Reference: Equivalents to SQL queries
Overview
SQL queries are a kind of "kitchen sink" approach to data extraction—everything you need is in one place. This can lead to large, complex SQL queries that are difficult to understand. With Data Management, the components of an SQL query are divided into functional steps and addressed with separate tools. This results in an understandable and self-documenting process.
Many SQL query components have equivalent Data Management tools:
SELECT
= Select toolFROM
= Input toolsORDER BY
= Sort toolGROUP BY
= Summarize toolHAVING
= Filter tool
SELECT
Data Management's Select tool is roughly equivalent to the SELECT
clause of an SQL query. The Select tool specifies which input fields (columns) you wish you send through the project. It also allows you to change the names of selected fields.
Select can be connected directly downstream from an input tool. Connect a Select tool to each input tool to reduce the set of fields. You can also connect a Select tool to the output of a Join tool to simulate a "natural" Join. The sample project sql_equivalent2 demonstrates this technique.
FROM
Data Management's input tools do the work of SQL's FROM
clause. In the SQL statement SELECT * FROM CUSTOMERS, TRANSACTIONS
, the FROM clause names the database tables from which the raw records for the query are obtained. In Data Management, this corresponds to the data-input tools, such as DBF Input and Flat File Input. You configure an input tool for each table you wish to use as input to a Data Management project.
If you are extracting data from an SQL system to use as input data for a Data Management project, use query and filter settings to minimize the amount of data. You should select only the data you need for the tasks you plan to perform.

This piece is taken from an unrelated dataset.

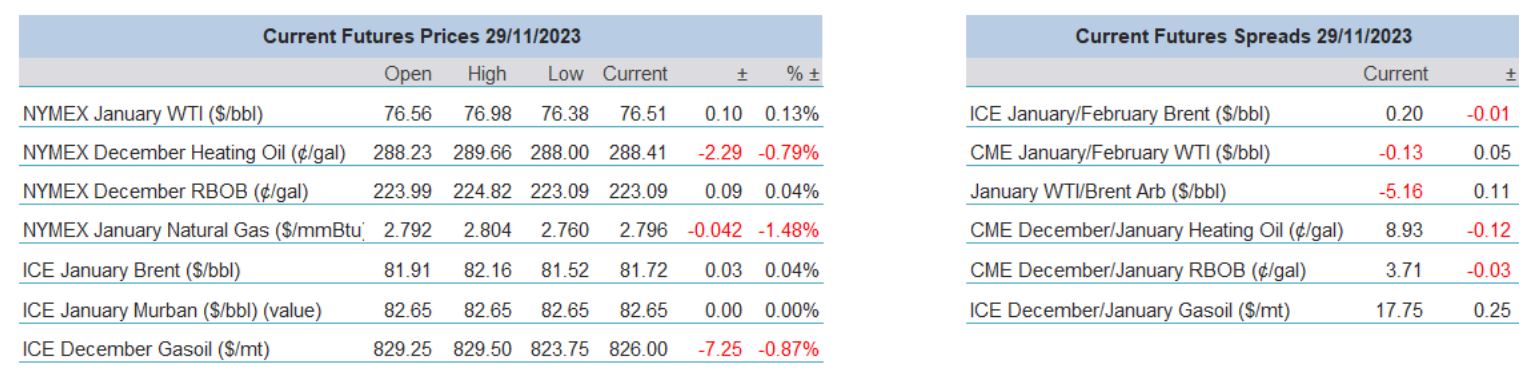 As always, those of an Oily bent, must keep an eye on what transpires in the macro world which for once is proving somewhat of boon. FEDspeak abounds, and wires have taken particular attention to the attitude of the Fed board member Christopher Waller, who for much of the run higher in US interest rates has been a mainstay for hawks. That is up and until yesterday, when in a talk he suggested that rate cuts could come in a matter of months, the usual flag bearers of such talk have reacted predictably, yields and the USD fall away and bonds and bourses put in a positive spurt. However, the macro world will have to negotiate some big ticket news in the next couple of days which include the gamut of consumer confidence, inflation markers and GDPs to name a few, but nothing in the wider suite will usurp whatever OPEC decision emerges, if indeed there is one.

Reducing the amount of data will speed up your Data Management processing.
WHERE
The SQL WHERE
clause has serves both relational and filtering functions. Two Data Management tools perform the work of the WHERE
clause: the Join tool and the Filter tool.
Join
The Join tool replaces the relational portions of the SQL WHERE
clause. As the name implies, it joins together two tables by matching the values of a single field.

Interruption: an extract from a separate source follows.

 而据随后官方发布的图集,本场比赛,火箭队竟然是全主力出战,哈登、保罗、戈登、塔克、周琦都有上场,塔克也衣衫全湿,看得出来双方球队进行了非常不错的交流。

Unlike the join operation implemented by the SQL WHERE
clause, Data Management's Join tool simultaneously computes the left outer, inner, and right outer joins, supplying those tables on outputs labeled "L", "J" and "R" respectively. The availability of all three outputs makes a variety of powerful operations possible. You can:
Find out which records don't match between two tables
Perform a different operation on matching records than non-matching records.
Perform a "table lookup", and supply a default value for non-matching records.
To join more than one table, connect a cascading series of Join tools, where each Join tool adds another table to the results. The sample project publishers_with_fem_authors
demonstrates this technique.
To join on more than one text field, attach a Calculate tool upstream of the Join tool on both the "L" and "R" inputs, and create a new field by combining all of the Join fields. For example, you could create a new field called FULLNAME
and assign the expression FIRST_NAME+LAST_NAME
. After the Join tool, use Select to remove the temporary joining fields.
Filter
The Filter tool filters records from source tables or join results. You can:
Apply filters involving a single table (as in the SQL query
WHERE company.state = "AZ")
.Apply filters involving multiple tables (as in the SQL query
WHERE company.state = "AZ" OR employee.hire_year < 1990)
.
To filter input records with expressions involving the fields of a single table, place a Filter tool immediately "downstream" of the Input tool (before any joins). Note that some database Input tools may have built-in query settings that you can use instead of an explicit Filter tool. If you are extracting a small subset of a large database, this will usually be faster than reading all of the data and then using a separate Filter tool.
To filter input records with expressions involving the fields of multiple tables, place a Filter tool immediately "downstream" of the Join tool that matches the tables involved in the expression.
GROUP BY
Data Management's Summarize tool replaces the SQL GROUP BY
clause. It groups records by a one or more fields, and reduces each group to a single representative record. You can specify how records in the groups are combined by selecting an operation for each desired field. Operations include Total, Average, Maximum, Minimum, and Count.
To group and aggregate your records, connect a Summarize tool downstream of any Join tool.
ORDER BY
Data Management's Sort tool performs the work of the SQL ORDER BY
clause. It globally sorts the input records by one or more fields, each of which may be ordered ascending or descending.
To replicate the SQL ORDER BY
clause, connect a Sort tool downstream of any Join or Filter tool.
HAVING
The SQL HAVING
clause is similar to WHERE, but is applied to groups rather than fields.
To replicate the HAVING
clause, connect a Filter tool immediately "downstream" of the Summarize tool implementing the GROUP BY clause.